[Start of section]

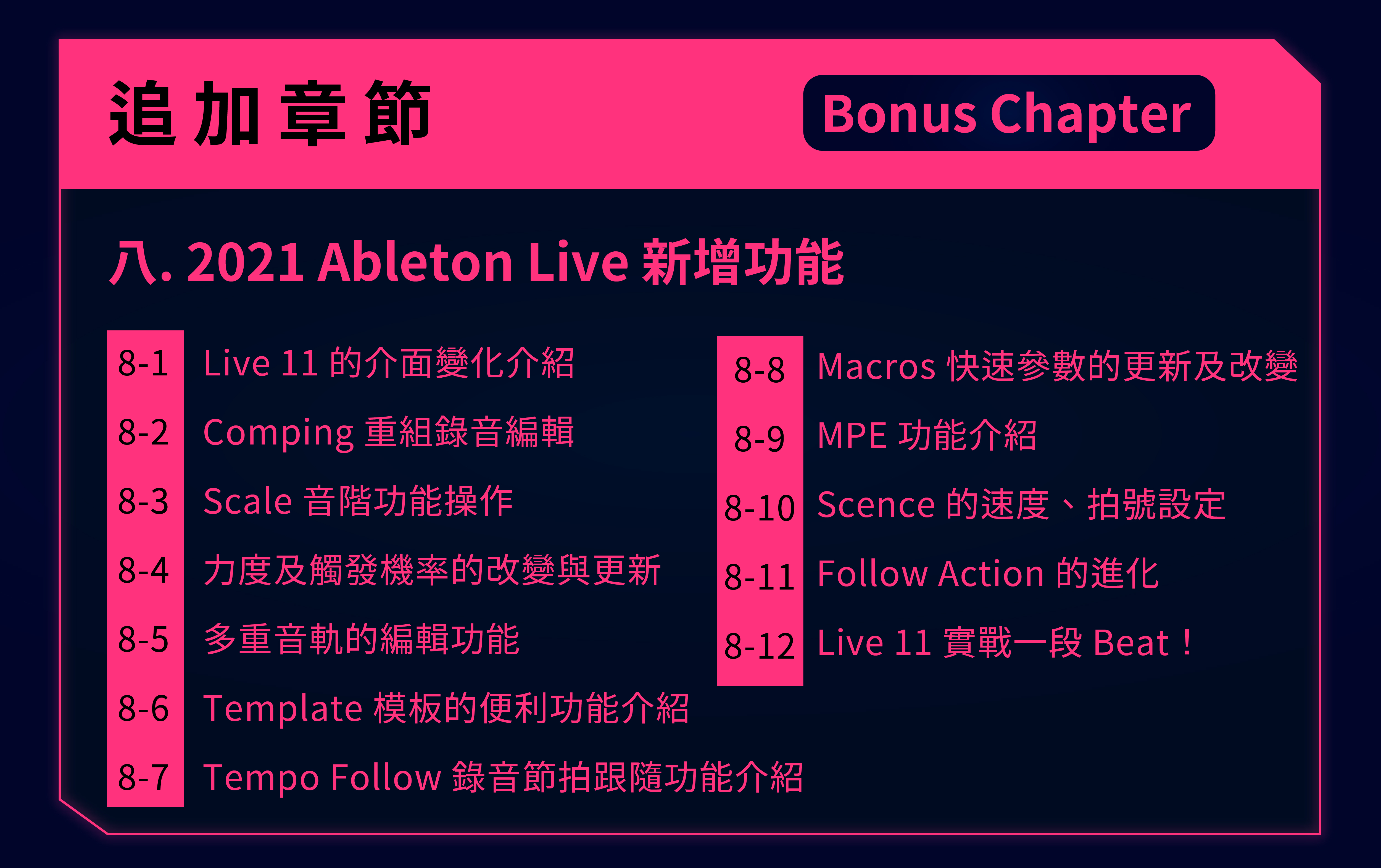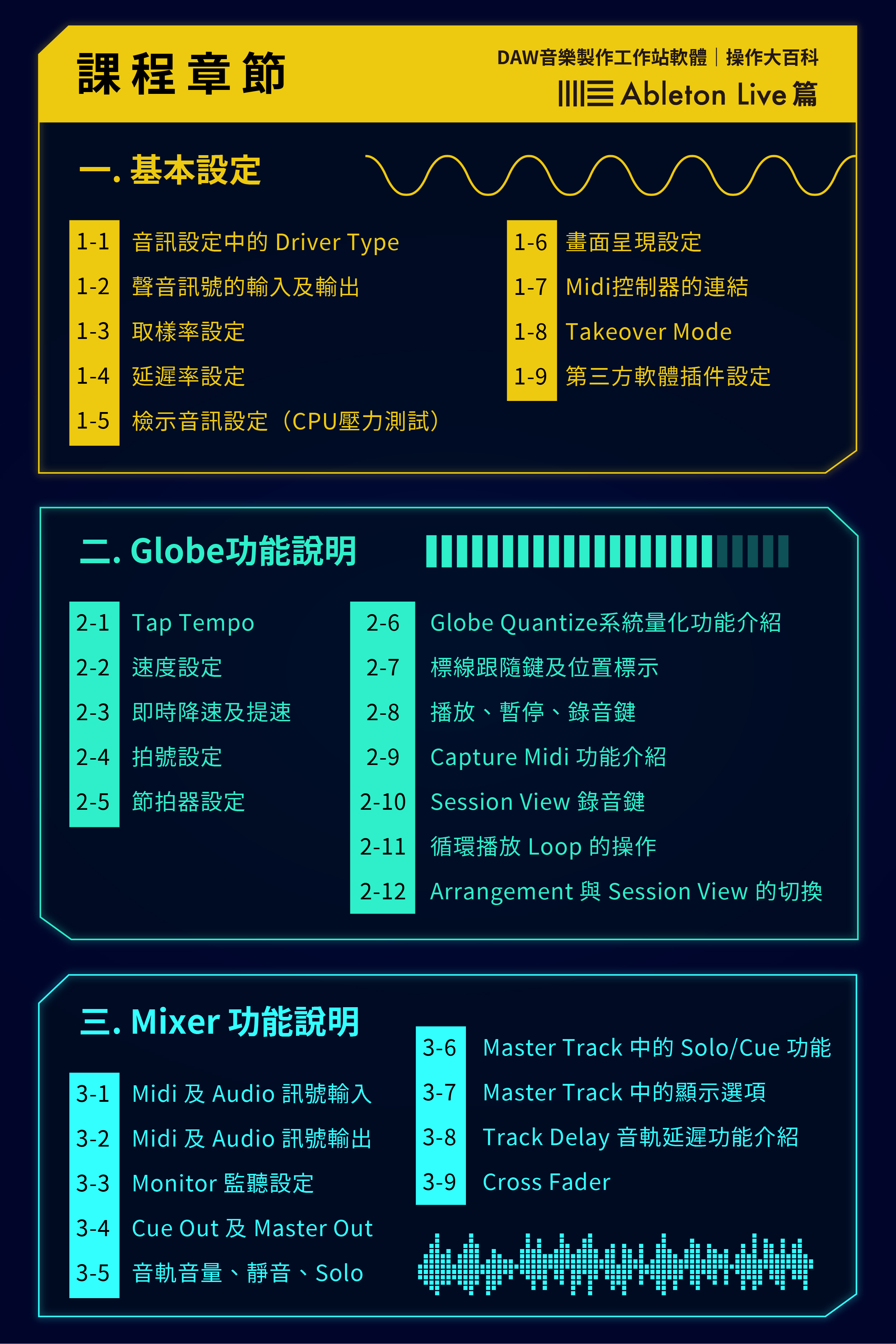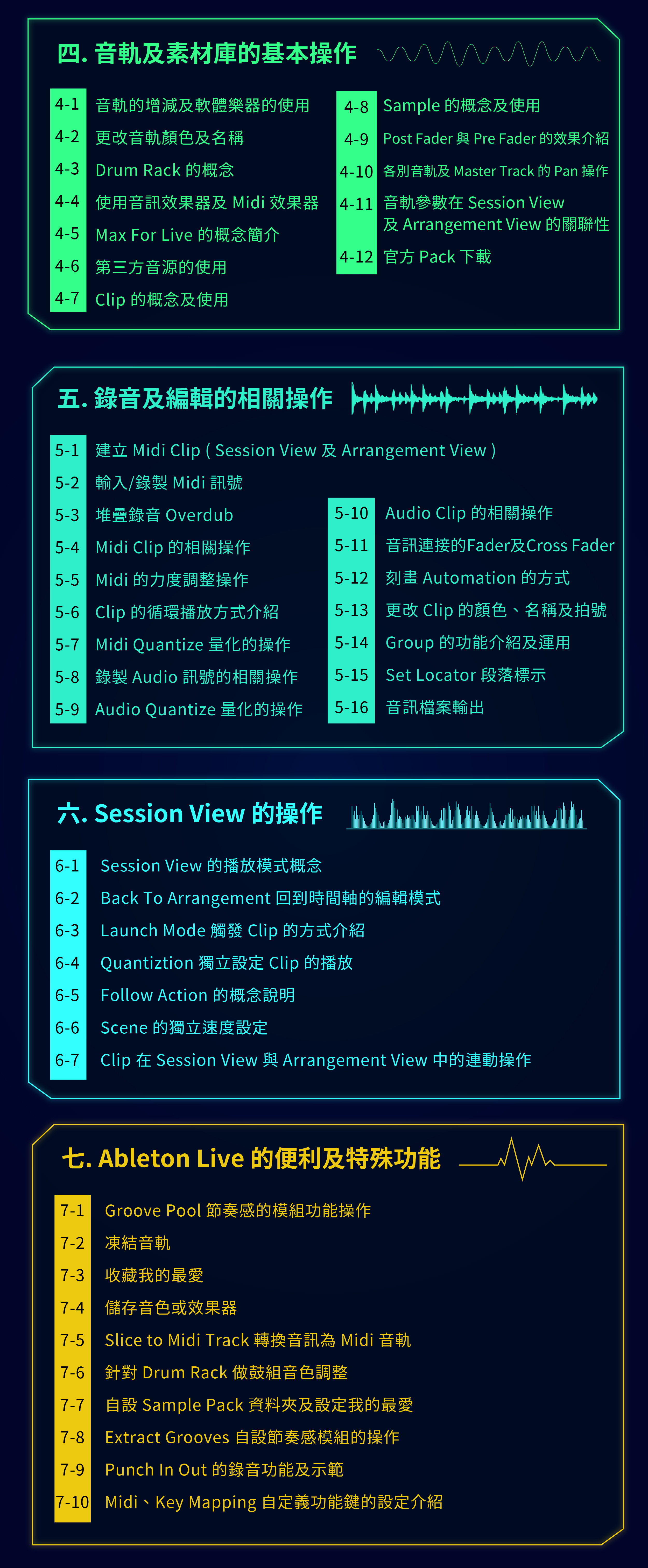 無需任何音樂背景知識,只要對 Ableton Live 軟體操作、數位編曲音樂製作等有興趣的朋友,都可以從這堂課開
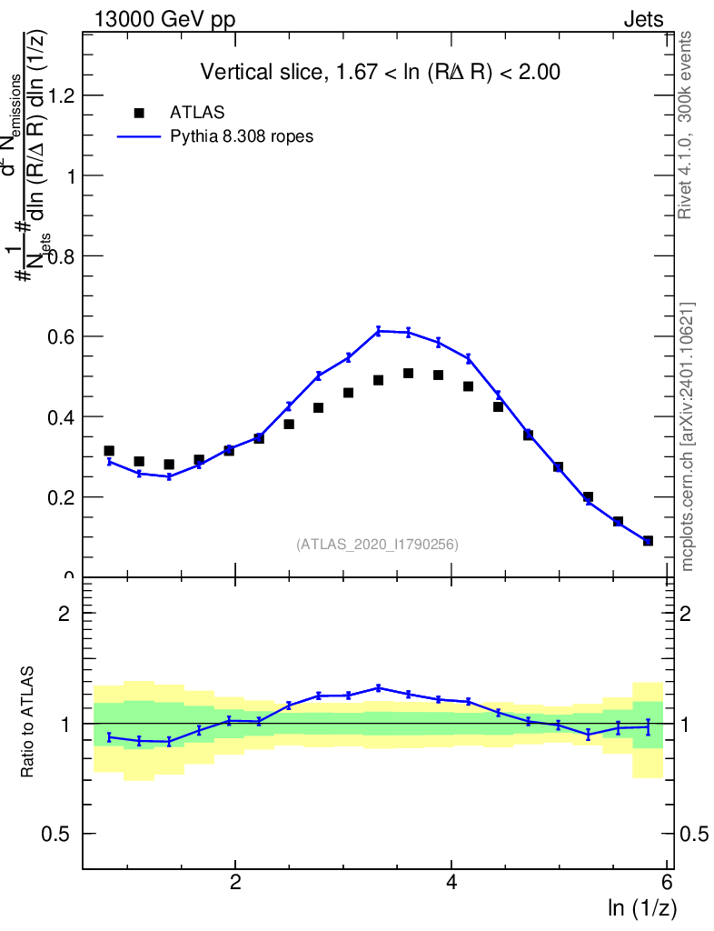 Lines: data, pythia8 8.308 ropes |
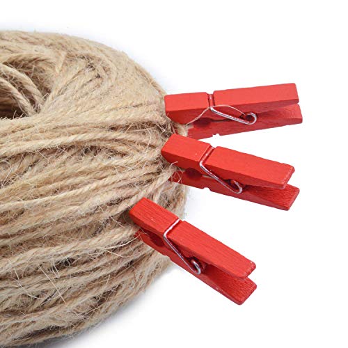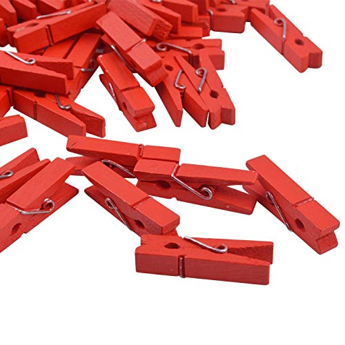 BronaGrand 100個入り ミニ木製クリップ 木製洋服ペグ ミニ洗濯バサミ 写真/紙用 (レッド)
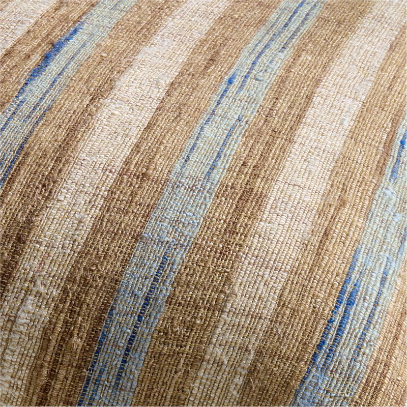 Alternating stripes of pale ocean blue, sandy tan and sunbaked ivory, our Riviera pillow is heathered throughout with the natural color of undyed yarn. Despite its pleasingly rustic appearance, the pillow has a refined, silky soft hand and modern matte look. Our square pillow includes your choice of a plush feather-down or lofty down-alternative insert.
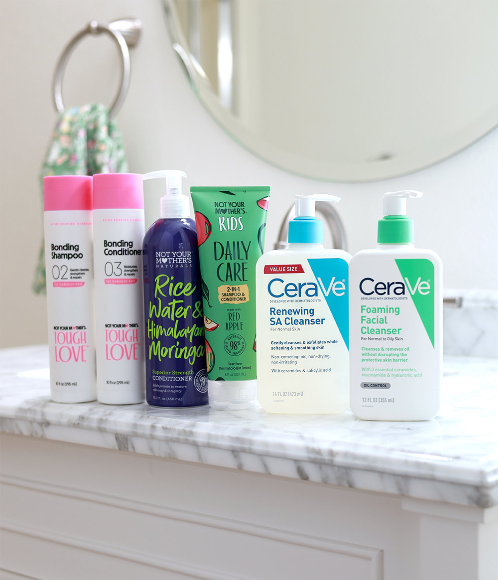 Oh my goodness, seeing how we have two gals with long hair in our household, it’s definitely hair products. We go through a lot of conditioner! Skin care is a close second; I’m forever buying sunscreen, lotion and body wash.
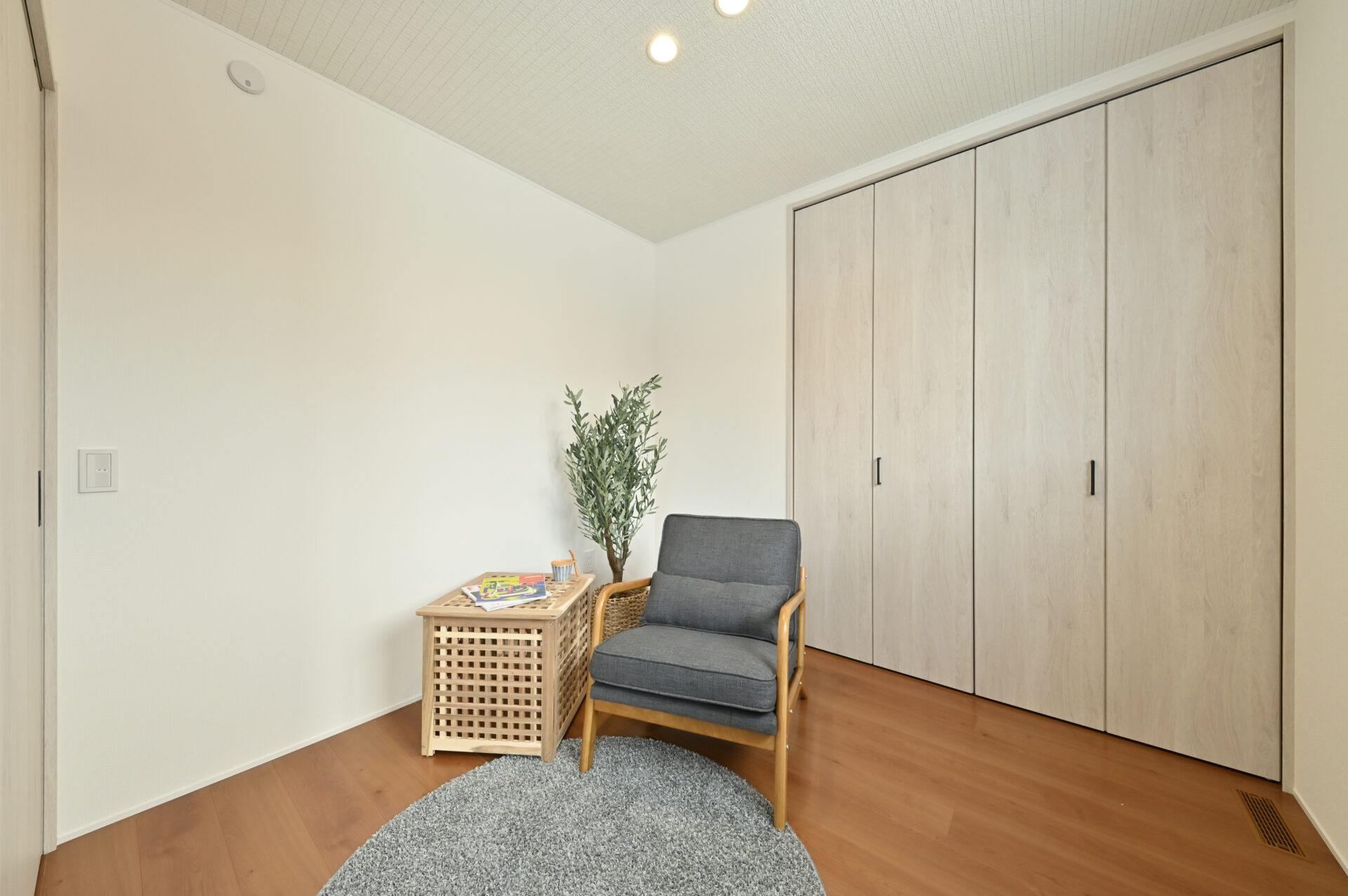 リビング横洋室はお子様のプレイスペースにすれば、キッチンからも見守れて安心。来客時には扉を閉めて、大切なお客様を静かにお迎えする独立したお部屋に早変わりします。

[End of section]

* _Problem description_: What the task needs is the material above repeated exactly, pictures excepted.

* _Answer box_:
 無需任何音樂背景知識,只要對 Ableton Live 軟體操作、數位編曲音樂製作等有興趣的朋友,都可以從這堂課開
 Lines: data, pythia8 8.308 ropes |
 BronaGrand 100個入り ミニ木製クリップ 木製洋服ペグ ミニ洗濯バサミ 写真/紙用 (レッド)
 Alternating stripes of pale ocean blue, sandy tan and sunbaked ivory, our Riviera pillow is heathered throughout with the natural color of undyed yarn. Despite its pleasingly rustic appearance, the pillow has a refined, silky soft hand and modern matte look. Our square pillow includes your choice of a plush feather-down or lofty down-alternative insert.
 Oh my goodness, seeing how we have two gals with long hair in our household, it’s definitely hair products. We go through a lot of conditioner! Skin care is a close second; I’m forever buying sunscreen, lotion and body wash.
 リビング横洋室はお子様のプレイスペースにすれば、キッチンからも見守れて安心。来客時には扉を閉めて、大切なお客様を静かにお迎えする独立したお部屋に早変わりします。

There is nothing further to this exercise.